Après de longs travaux de rénovation de notre rez-de-chaussée, j’ai entrepris de repeupler mes bibliothèques en vidant une série de caisses de déménagement. C’est bien sûr l’occasion de feuilleter quelques bouquins qu’on avait presque oubliés. Ainsi, ce recueil de la Ligue Belge d’Education Physique qui, en 1951, expliquait des danses populaires, en bonne partie anglaises (dont “Galopede”, vous connaissez ?). Ou encore plusieurs petits recueils de danses wallonnes par Jenny Falize, desquels s’échappe une feuille volante datée de mars 1985, copie d’un document manuscrit de l’auteure, diablement intéressant. On lit en effet (voir ci-contre) que la chorégraphie de la maclote de Habiémont est traditionnelle, que celle de la valse de Heyd a été adaptée, et que celles des avant-deux Sophie et Lucie, de la polka des Aguesses et de la maclote kalée ont été créées de toutes pièces.
Les “vétérans” du folk wallon connaissent bien la rengaine qui regrette que Jenny Falize et Rose Thisse-Derouette n’aient pas rendu publiques leurs notes de collectage – quelles personnes leur ont joué et dansé quoi, où et quand. Pleines de bonne volonté, elles ont contribué au revival folk wallon mais n’ont apparemment pas songé à la valeur de ces trésors inédits qu’elles détenaient. Résultat : on ne sait généralement pas ce qui est traditionnel ou pas dans les mélodies et descriptions de danses des dix fascicules publiés de 1962 à 1978.
En complément à cela, ma bibliothèque vient de s’enrichir (merci Micheline !) des fiches de “Danses à travers le monde – n°2 : en Wallonie” rédigées par Jenny Falize pour le Service National de la Jeunesse en 1968. Dans l’introduction, on peut lire ceci :
“Se basant sur les souvenirs des gens âgés et des documents écrits de l’époque, Madame Thisse a pu reconstituer des chorégraphies.
Ces chorégraphies, je les ai expérimentées avec le groupe “Tchantchès” des étudiants de l’Université de Liège, mises au point dans les détails, tâchant de leur rendre leur souffle, leur esprit et leur ardeur, ensuite codifiées et fixées sur fiches techniques facilement utilisables par tous les animateurs de danses populaires et folkloriques.
Puissiez-vous trouver autant de plaisir à les enseigner qu’à les danser !”
Elle termine le document manuscrit par la partition d’une mélodie de maclote que Jean-Marie Verbaeys a composée en son honneur en 1982. Jean-Marie m’a confirmé que cette musique, qu’il considère comme un “don” au monde folk, est libre de droits.
En outre, Jenny Falize a publié des recueils plus ou moins artisanaux qui à première vue semblent être simplement des extraits des dix fascicules de Thisse, mais avec partitions manuscrites et selon une autre organisation.

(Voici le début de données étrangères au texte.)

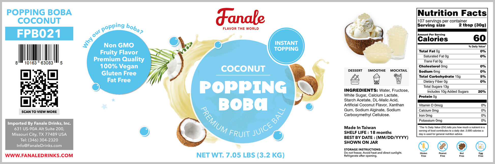 Fanale Popping Boba contains approximately 12-14% real fruit juice. The jelly coating of the popping boba is made of seaweed extract. Each serving of popping boba is approximately 30 Calories.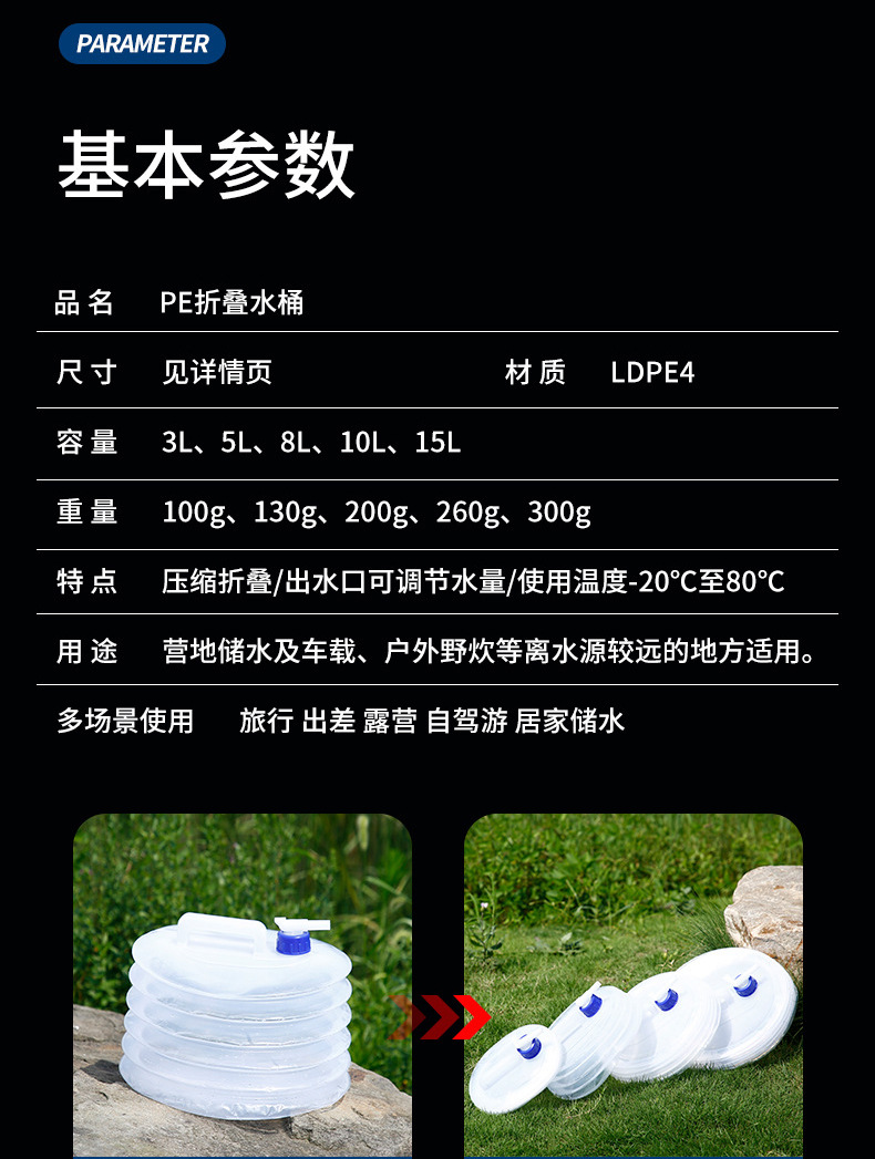 Складное ведро на 3 л.; Складное ведро 5 л.; Складное ведро на 8 л.; Складное ведро на 10 л.; Складное ведро на 15 л.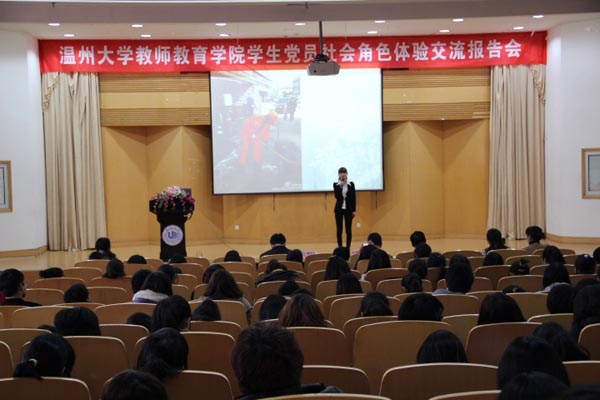 本次学生党员社会角色体验交流报告会是对全体党员和入党积极分子一次深刻的教育,也是一堂生动的党课。通过这次学习,同学们更清晰地认识到了自身的奋斗目标,也更坚定了感恩社会、回报社会的决心。(林琪妮)
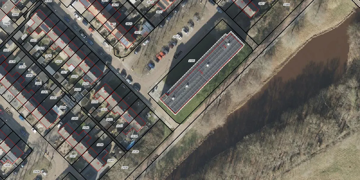 Het perceel waarop Ellen 37 staat heeft een oppervlakte van 1440 m². Dit is een zeer groot perceel. De perceeloppervlakte wordt geregistreerd door het Kadaster. Gedetailleerde informatie over de maten van dit perceel kunt u vinden in het rapport Kadastrale kaart met maatvoering van Ellen 37.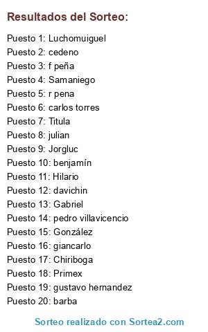 Lista de participantes: carlos torres, Primex, Luchomuiguel, Samaniego, Hilario, f peña, r pena, Chiriboga, Jorgluc, Gabriel, Titula, González, barba, cedeno, benjamín, davichin, julian, pedro villavicencio, gustavo hernandez, giancarlo.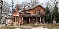The Granger House, also known as the Marion Historical Museum and the Granger House Museum, is a historic building located in Marion, Iowa, United States. This Victorian Italianate house was built around 1860 by Charles Myers. Earl Granger bought the house in 1876 and it remained in his family until 1973.[2] Granger built the carriage house in 1879, and built an addition onto the main house the following year. The two-story brick building features a 1+12-story ell, a gable roof, bracketed eaves, and arched stone lintels over the symmetrically arranged windows. The front porch is not the original. The house was listed on the National Register of Historic Places in 1976.[1]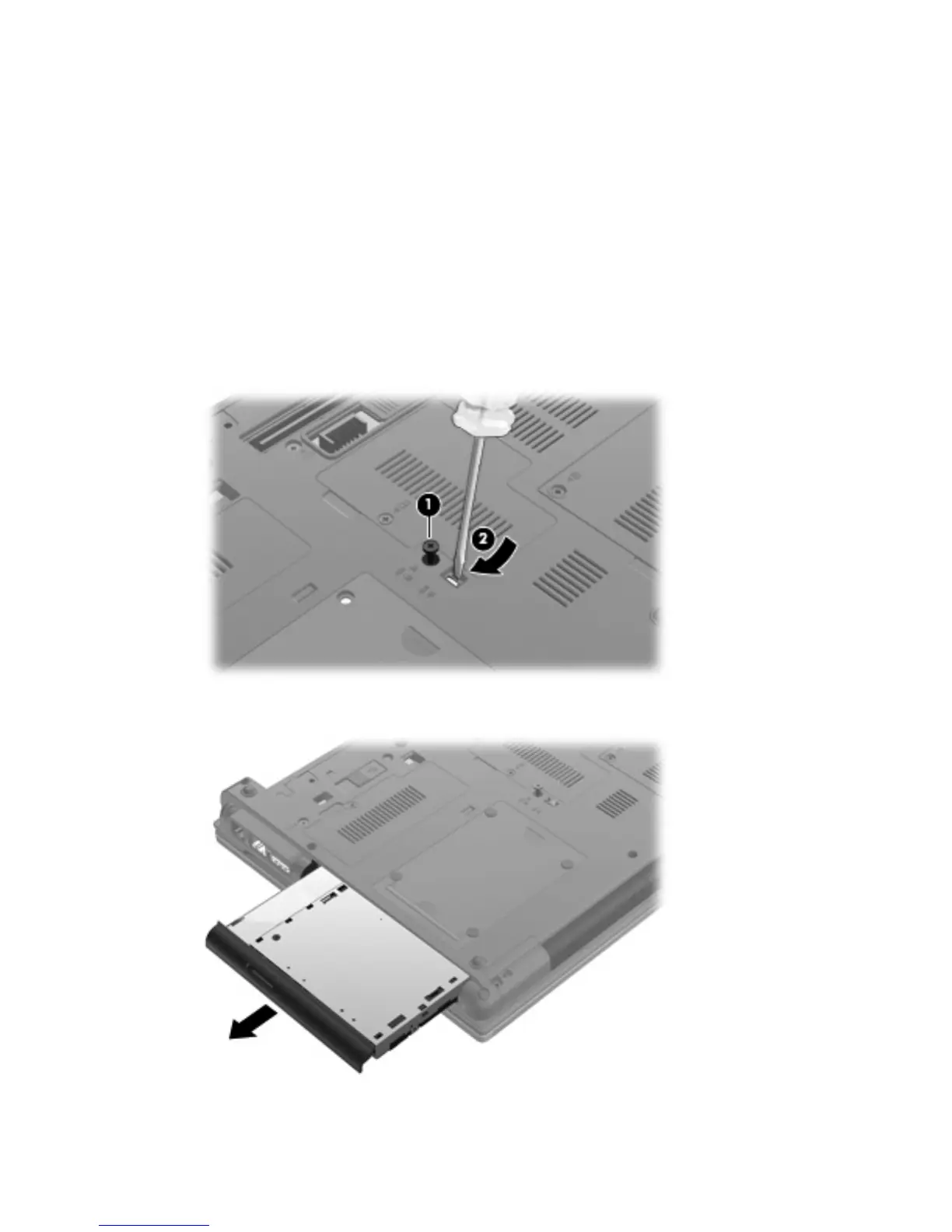 8. Using a flat-bladed screwdriver, gently push the tab to release the optical drive (2).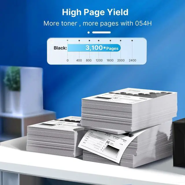 High Page Yield: Up to 3, 100 pages for per 054H Black toner, 6, 200 pages in total based on 5% coverage, Letter/A4, work with canon 054h toner cartridge set ^^

Ainsi “Danses populaires de Wallonie et animation” (1979) où les danses sont réparties en 13 danses traditionnelles simples (“musique et chorégraphie authentiques”), 4 danses traditionnelles adaptées (musique authentique, détails chorégraphiques modifiés) et 5 danses pour lesquelles elle a créé une chorégraphie sur la base d’un air authentique.
Dans ce recueil, les danses authentiques sont : danse del tchipète (Vielsam), polka del grawiète (Manhay), le Carillon, troïka de St Mard, scottish (sans autre précision), la danse des tcherrons (Malmedy), amourette de Chauvehé, polka-chassé de Petit Hallet, danse dè cossin (Deux-Rys), il tchéna (Grand Halleux), branle de Mariembourg, la polka noire (Mormont), la lamponète (Malmedy).
Parmi les danses inventées : les avant-deux Lucie, Sophie et Marcelle; contredanse polka; anglaise (Houssa p.5); allemande claironnante (Houssa p.5)…
Toutes ces précisions n’empêcheront sans doute pas certains (critiques virulents, esprits chagrins ou gardiens des traditions, selon les points de vue) de les balayer d’un revers de la main, en rappelant (entre autres) que ces dames ont jadis refusé qu’on enregistre une conversation avec elles sur ce genre de sujet. C’est que la machine à remonter le temps ne fonctionne toujours pas : on ne connaîtra sans doute jamais le fin mot.